The country needs an anti-fascist force, says activist acquitted after 40 months in jail

Sudhir Dhawale, a dalit rights activist accused of having Maoist links, was declared innocent on May 15.

Aarefa Johari, scroll.in, 24 May, 2014


On May 20, after spending three years and four months in Nagpur Central Jail for crimes he did not commit, dalit rights activist Sudhir Dhawale finally walked out as a free man.

His arrest in January 2011 had outraged social activists in Maharashtra. Dhawale is a well-known poet, political commentator and publisher of Marathi magazine Vidrohi, and had attended a dalit literary gathering in Wardha district just before he was detained by the police. He was charged with sedition and, under the controversial Unlawful Activities Prevention Act, accused of being a member of a terrorist organisation and waging war against the state. Meanwhile in Mumbai, the police barged into his modest home where his young sons were alone, gathered several books as evidence and allegedly coerced his wife to sign the list of seized articles.

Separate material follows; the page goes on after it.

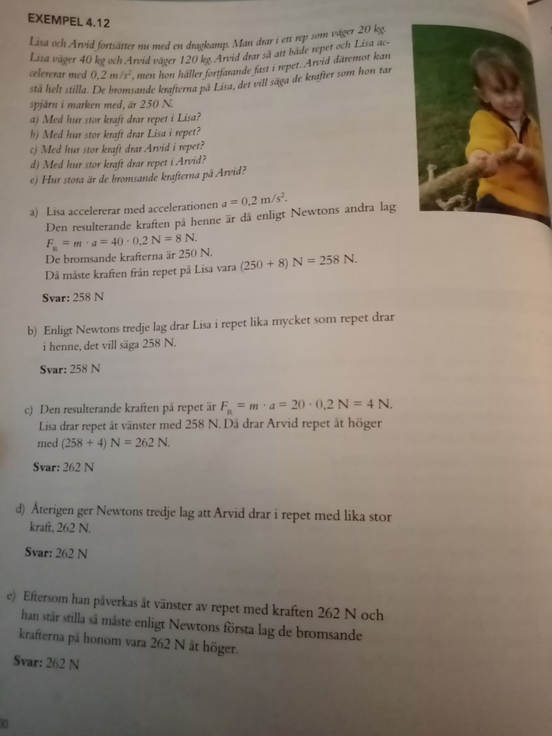 När jag försöker lösa b såsom c funkar det inte, den restulerande kraften på repte är 20*0.2 = 4N i både b och c. Men om vi tar bort 4 från 258 får vi 254N????

Last week, after the prosecution failed to prove even a single case against him, the sessions court finally acquitted Dhawale – and eight other political prisoners – of all charges. His acquittal has come four months after Arun Ferreira, another Mumbai-based social activist who spent five years in jail for being an alleged Maoist, was cleared of all charges against him. Just two weeks before Dhawale’s release, however, GN Saibaba, a Delhi University professor, was arrested by the Maharashtra police for allegedly having links with Maoists.